Opera by Leoš Janáček

From the House of the Dead (Z mrtvého domu) is an opera in three acts by Leoš Janáček. The libretto was translated and adapted by the composer from the 1862 novel by Fyodor Dostoevsky. It was the composer's last opera, premiered on 12 April 1930 at the National Theatre Brno, two years after his death. The United States stage premiere of the work took place at Lincoln Center in 1989 when the New York City Opera mounted a production led by conductor Christopher Keene with a cast starring Harlan Foss as Alexandr Petrovič Gorjančikov, John Absalom as Filka Morozov, Jon Garrison as Skuratov, and John Lankston as Šapkin.

==Composition history==
Janáček worked on this opera from February 1927 to 8 June 1928, knowing that it would be his last, and for it he broke away from the habit he had developed of creating characters modeled on his love interest Kamila Stösslová, although the themes of loneliness and isolation can clearly be seen as a response to her indifference to his feelings. There is only one female character, and the setting, a Siberian prison, presents a large ensemble cast instead of one or several prominent leads. There is no narrative to the work as a whole, but individual characters narrate episodes in their lives, and there is a play-within-a-play in act 2.
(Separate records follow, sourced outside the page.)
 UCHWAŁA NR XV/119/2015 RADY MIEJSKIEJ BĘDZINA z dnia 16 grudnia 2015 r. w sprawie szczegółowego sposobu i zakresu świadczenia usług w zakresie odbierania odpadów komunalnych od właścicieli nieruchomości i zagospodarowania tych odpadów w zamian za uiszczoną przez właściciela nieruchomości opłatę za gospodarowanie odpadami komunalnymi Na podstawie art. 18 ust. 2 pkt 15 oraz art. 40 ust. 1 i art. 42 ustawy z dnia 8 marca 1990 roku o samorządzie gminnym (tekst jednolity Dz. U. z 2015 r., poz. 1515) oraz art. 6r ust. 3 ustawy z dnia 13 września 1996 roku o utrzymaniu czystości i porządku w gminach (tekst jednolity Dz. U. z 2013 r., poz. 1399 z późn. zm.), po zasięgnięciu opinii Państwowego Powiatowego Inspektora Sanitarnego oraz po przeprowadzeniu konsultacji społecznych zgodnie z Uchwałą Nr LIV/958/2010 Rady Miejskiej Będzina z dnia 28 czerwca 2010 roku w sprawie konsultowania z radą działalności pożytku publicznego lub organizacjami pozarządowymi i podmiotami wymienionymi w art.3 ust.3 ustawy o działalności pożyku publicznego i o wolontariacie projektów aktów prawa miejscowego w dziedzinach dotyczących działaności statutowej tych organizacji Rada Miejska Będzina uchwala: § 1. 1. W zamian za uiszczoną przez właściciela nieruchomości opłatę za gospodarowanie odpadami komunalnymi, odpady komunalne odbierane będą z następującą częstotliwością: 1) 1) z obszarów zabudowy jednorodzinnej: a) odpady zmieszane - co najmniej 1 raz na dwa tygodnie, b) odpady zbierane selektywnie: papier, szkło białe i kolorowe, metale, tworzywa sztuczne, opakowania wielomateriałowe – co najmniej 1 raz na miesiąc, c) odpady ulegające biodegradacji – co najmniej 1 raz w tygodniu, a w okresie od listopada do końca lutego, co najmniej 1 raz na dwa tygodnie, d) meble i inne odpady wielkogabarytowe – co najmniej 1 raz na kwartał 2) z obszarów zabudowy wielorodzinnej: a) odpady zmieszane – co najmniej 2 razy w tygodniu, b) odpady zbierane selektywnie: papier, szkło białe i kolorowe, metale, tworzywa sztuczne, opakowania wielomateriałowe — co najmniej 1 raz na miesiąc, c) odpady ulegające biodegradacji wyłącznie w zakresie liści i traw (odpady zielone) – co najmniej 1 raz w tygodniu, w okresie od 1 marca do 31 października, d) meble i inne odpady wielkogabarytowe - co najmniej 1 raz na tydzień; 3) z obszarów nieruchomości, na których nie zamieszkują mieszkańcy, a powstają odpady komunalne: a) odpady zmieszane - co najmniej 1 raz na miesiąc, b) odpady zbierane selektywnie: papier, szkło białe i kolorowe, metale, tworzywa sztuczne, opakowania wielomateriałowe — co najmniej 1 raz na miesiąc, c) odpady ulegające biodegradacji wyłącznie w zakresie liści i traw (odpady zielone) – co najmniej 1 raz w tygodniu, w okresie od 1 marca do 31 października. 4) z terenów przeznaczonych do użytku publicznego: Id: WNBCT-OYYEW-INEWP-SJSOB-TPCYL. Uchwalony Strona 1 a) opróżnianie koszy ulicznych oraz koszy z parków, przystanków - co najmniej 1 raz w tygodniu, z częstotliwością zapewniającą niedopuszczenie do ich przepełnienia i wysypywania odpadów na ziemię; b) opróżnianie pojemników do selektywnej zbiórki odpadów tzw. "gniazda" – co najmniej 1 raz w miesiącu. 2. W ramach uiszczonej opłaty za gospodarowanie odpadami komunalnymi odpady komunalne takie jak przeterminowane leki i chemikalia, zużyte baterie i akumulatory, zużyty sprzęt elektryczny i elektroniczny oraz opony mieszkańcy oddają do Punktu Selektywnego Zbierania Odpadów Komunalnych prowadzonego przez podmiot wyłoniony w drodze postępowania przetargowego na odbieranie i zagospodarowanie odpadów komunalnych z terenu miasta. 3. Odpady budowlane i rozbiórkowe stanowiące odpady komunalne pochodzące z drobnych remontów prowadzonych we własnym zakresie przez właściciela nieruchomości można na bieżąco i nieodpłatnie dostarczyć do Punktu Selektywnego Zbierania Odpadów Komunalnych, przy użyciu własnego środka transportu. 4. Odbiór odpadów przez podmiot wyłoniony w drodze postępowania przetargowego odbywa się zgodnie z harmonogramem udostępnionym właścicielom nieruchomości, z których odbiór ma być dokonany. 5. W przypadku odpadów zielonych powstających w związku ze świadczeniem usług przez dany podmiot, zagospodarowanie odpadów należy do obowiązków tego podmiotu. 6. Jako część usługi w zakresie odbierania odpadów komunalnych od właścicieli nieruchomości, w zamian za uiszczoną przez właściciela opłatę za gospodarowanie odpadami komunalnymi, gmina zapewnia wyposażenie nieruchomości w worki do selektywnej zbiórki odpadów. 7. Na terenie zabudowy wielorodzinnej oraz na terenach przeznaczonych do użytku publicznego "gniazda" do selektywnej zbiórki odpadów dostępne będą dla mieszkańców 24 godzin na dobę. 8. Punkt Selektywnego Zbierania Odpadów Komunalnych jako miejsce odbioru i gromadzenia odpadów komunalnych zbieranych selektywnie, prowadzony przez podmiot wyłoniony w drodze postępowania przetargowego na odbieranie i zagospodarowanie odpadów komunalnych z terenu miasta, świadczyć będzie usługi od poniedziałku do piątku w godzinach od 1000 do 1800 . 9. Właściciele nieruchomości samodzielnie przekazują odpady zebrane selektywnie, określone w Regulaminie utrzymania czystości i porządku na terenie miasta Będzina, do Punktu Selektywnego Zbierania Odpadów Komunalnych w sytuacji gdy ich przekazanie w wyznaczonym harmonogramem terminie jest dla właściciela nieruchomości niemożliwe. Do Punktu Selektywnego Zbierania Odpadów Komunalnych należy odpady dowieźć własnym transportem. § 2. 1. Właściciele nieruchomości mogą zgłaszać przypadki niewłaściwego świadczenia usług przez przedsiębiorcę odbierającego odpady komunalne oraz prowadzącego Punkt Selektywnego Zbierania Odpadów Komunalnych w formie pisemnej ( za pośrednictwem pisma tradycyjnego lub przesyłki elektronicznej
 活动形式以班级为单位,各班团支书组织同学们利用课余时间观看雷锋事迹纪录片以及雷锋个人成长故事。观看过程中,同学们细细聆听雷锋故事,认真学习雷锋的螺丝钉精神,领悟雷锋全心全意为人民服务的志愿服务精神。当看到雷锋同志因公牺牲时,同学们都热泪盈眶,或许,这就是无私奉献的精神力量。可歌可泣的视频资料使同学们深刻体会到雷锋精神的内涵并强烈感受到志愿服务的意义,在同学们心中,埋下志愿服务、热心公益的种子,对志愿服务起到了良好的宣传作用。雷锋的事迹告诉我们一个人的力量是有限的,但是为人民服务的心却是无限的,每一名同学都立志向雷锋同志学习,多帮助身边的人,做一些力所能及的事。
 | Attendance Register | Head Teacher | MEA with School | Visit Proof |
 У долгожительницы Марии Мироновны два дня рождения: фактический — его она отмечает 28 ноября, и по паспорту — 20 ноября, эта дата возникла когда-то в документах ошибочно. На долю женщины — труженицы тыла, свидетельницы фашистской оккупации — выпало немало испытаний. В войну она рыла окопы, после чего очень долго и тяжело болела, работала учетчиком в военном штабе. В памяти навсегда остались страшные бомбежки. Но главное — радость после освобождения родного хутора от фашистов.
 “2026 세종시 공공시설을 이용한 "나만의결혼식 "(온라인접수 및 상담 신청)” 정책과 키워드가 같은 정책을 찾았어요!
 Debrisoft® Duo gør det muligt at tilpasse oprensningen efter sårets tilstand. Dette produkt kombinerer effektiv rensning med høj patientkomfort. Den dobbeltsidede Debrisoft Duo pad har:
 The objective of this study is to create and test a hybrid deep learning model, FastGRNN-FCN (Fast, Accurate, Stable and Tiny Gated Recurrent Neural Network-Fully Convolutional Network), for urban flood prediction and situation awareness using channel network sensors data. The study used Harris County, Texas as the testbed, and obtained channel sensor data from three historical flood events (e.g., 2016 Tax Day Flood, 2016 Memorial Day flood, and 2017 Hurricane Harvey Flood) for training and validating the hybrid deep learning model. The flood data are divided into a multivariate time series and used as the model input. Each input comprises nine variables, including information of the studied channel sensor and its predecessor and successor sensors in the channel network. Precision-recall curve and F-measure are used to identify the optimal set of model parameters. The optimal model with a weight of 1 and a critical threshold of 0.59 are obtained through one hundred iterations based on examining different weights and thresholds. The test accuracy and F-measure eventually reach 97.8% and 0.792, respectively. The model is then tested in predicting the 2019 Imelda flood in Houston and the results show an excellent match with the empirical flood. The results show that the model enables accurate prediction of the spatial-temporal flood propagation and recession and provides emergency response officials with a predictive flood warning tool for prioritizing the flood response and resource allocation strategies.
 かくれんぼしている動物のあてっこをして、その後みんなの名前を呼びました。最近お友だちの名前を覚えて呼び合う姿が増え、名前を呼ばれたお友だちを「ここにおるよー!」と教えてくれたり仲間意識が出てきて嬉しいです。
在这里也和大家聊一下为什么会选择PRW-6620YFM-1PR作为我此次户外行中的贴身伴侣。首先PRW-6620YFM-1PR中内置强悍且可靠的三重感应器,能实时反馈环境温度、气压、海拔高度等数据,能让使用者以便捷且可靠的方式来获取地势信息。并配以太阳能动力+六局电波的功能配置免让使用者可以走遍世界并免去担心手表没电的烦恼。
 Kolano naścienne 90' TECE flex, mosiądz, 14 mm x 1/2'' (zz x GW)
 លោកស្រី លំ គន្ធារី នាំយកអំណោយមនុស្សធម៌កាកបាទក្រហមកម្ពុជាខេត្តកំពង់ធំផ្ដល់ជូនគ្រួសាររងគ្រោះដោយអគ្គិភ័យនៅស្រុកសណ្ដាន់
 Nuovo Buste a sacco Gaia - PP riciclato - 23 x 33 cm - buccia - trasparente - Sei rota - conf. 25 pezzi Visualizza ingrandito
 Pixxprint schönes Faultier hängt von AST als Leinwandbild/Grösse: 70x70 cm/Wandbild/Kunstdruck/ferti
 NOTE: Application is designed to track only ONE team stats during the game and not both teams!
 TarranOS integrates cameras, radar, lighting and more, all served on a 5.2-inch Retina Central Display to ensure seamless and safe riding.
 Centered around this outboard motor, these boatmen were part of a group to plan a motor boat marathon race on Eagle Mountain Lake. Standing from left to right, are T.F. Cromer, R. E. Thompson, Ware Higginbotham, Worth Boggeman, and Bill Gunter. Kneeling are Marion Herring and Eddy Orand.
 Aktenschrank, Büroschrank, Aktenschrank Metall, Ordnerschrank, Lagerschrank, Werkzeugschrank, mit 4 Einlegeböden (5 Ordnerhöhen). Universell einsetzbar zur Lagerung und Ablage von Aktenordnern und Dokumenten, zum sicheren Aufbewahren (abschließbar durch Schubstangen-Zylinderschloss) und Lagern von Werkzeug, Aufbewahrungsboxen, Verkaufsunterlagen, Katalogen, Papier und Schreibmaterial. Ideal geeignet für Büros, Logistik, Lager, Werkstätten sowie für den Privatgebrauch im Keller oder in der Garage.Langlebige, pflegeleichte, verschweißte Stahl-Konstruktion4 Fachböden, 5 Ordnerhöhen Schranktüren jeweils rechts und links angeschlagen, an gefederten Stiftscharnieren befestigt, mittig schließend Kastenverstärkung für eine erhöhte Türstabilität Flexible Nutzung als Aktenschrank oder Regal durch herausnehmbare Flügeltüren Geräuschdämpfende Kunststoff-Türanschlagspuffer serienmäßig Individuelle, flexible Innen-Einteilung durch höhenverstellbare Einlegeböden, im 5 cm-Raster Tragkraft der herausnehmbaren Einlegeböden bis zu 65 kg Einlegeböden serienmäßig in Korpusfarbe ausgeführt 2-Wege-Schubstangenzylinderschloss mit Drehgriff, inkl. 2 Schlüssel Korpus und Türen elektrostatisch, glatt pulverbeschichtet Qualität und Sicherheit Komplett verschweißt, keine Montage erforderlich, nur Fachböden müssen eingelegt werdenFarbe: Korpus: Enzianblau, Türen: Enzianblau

From the House of the Dead was virtually finished when Janáček died. Two of his students, believing the orchestration was incomplete, "filled out" large portions of the score and adapted the ending to be more optimistic in tone. In addition to the work of Břetislav Bakala and Osvald Chlubna, Otakar Zítek made changes to the text and sequence of events in the opera. Decades later, a version closer to the composer's intentions superseded that version, and it is the one most often heard today. Some productions, however, still use the earlier version's ending to lessen the bleakness of the story.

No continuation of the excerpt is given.